Hello all,
I created a for loop for 10 dataframes and 6 iterations for stepwise regression, below is the code:
data_list<- list(data1,data2,data3,data4,data5,data6,data7,data8,data9,data10)
data_list
new_variable<-0
final_model<-0
new_predictor<-0
predictors <- matrix(data = 0, nrow = 100, ncol = 7)
col_names <- c("seed","var1", "var2", "var3", "var4", "var5", "var6")
df_predictors <- data.frame(matrix = predictors)
colnames(df_predictors)<-col_names
df_names<-as.data.frame(names)
for (i in 1:length(data_list)){
null_model<-glm(data_list[[i]][[54]]~1, data= data_list[[i]], family= "binomial")
for (j in 1:6){
new_predictor<-add1(null_model, data_list[[i]][[54]]~PC1+PC2+PC3+PC4+PC5+PC6+PC7+PC8+PC9, data= data_list[[i]], test = 'Chisq')
new_predictor
print(new_predictor)
new_predictor[,5]
new_predictor_df<-as.data.frame(new_predictor)
new_predictor_df<- tibble::rownames_to_column(new_predictor_df, "Variable")
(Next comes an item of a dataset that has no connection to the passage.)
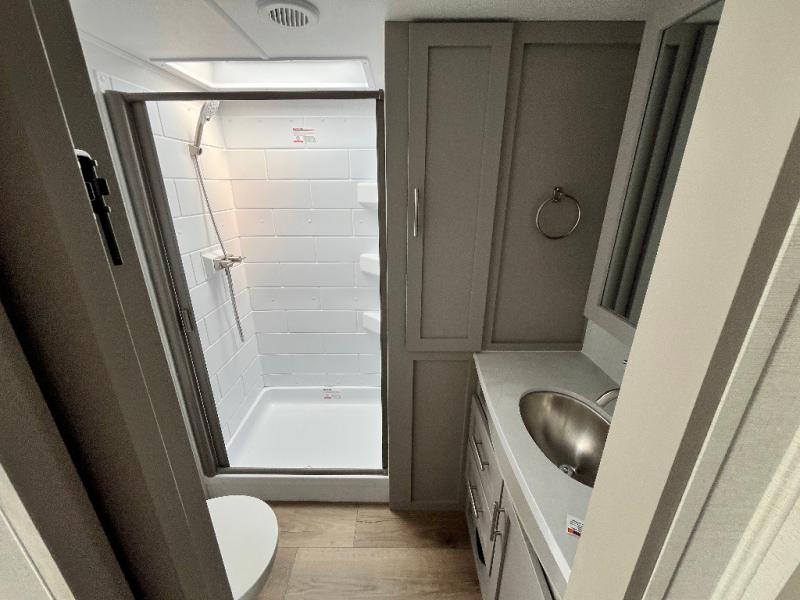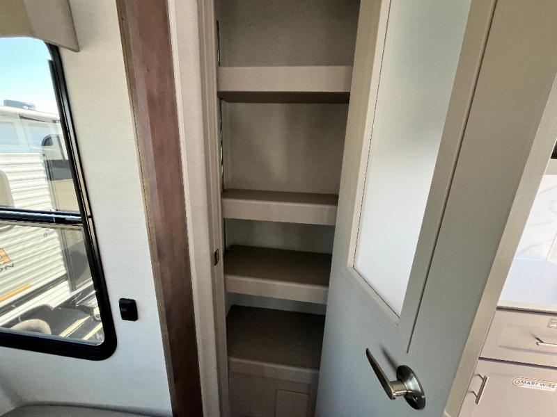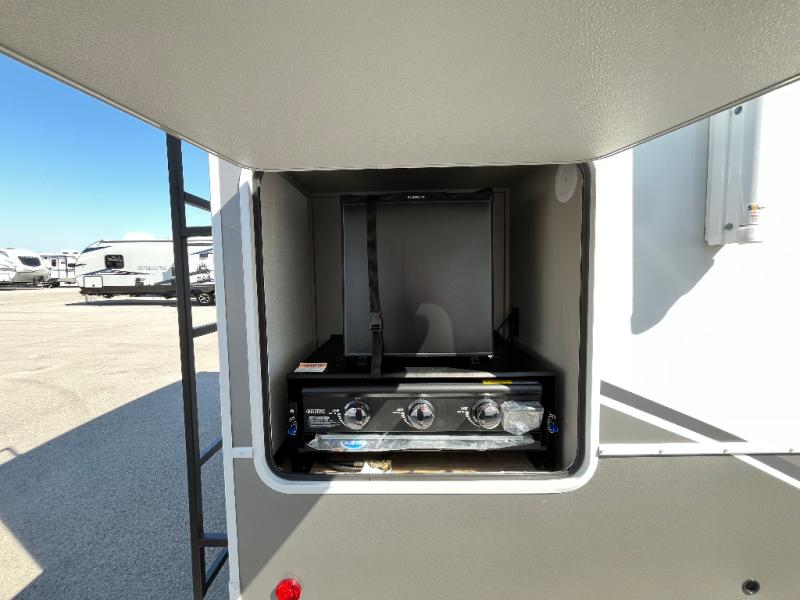 This fifth wheel is ready for adventure when you are! Once you arrive at the campground, you can put out the 16' awning, then start lunch on the exterior griddle. A booth dinette and theater sofa provide seating space inside, and there is a 50" Class HDTV to enjoy movies. The chef will also love the interior kitchen with its ample counter space, and there is plenty of storage with a hutch/pantry, second pantry, and 10 cu. ft. 12V refrigerator. Freshen up in the full bath before heading off to bed in the front private bedroom. Here, you'll find a queen bed, dual nightstands and overhead storage, plus a wardrobe with washer and dryer prep if you choose to add those appliances!

new_predictor_2<-filter(new_predictor_df, Pr(>Chi)
<=0.1)
#new_predictor_2_name<-new_predictor_2_sorted[which.min(new_predictor_2_sorted$Pr(>Chi)
),]
ifelse(is.na(new_predictor_2),
(break &
(i=i+1)),
(ifelse(length(new_predictor_2)>1,
(new_predictor_2_sorted<-new_predictor_2[order(new_predictor_2$Pr(>Chi)
),]),
new_predictor_2_sorted<-new_predictor_2)))
new_predictor_2_sorted
min_new_predictor<-new_predictor_2_sorted[which.min(new_predictor_2_sorted$Pr(>Chi)
),]
min_new_pred_df<-as.data.frame(min_new_predictor)
min_new_pred_df
new_variable<-min_new_pred_df[1,1]
print(new_variable)
ifelse(!is.na(new_variable),
updated_model<-update(null_model,paste("~.+",new_variable)),
final_model<-null_model)
#print(summary(updated_model))
#print(final_model)
ifelse(summary(updated_model)$coefficients[,4]>=0.1,
(new_variable<-new_predictor_2_sorted[which(new_predictor_2_sorted$`Pr(>Chi)`<=0.1)[2],] &
if(!is.na(new_variable)){
updated_model<-update(null_model,paste("~.+",new_variable))}),
ifelse(summary(updated_model)$coefficients[,4]>=0.1,
(new_variable<-new_predictor_2_sorted[which(new_predictor_2_sorted$`Pr(>Chi)`<=0.1)[3],] &
if(!is.na(new_variable)){
updated_model<-update(null_model,paste("~.+",new_variable))}),
ifelse(summary(updated_model)$coefficients[,4]>=0.1,
(new_variable<-new_predictor_2_sorted[which(new_predictor_2_sorted$`Pr(>Chi)`<=0.1)[4],] &
if(!is.na(new_variable)){
updated_model<-update(null_model,paste("~.+",new_variable))}),
ifelse(summary(updated_model)$coefficients[,4]>=0.1,
final_model<-null_model,
null_model<-updated_model))))
new_var<-print(paste(i, new_variable))
df_predictors= rbind(df_predictors,new_var)
}
print(summary(final_model))
print(df_predictors)
}
I am getting an error message after the second iteration for data1 (after addition of first selected significant variable), "Error in Ops.data.frame(new_predictor_2_sorted[which(new_predictor_2_sorted$Pr(>Chi)
<= :
list of length 30 not meaningful". I tried to fix this error but I didn't have any success. Can someone please help me fix this code. I need to run it for 100 seeds for 24 datasets! I would appreciate it if I could get some help today as I am running out of time for the assignment.
Thank you all!
Radhika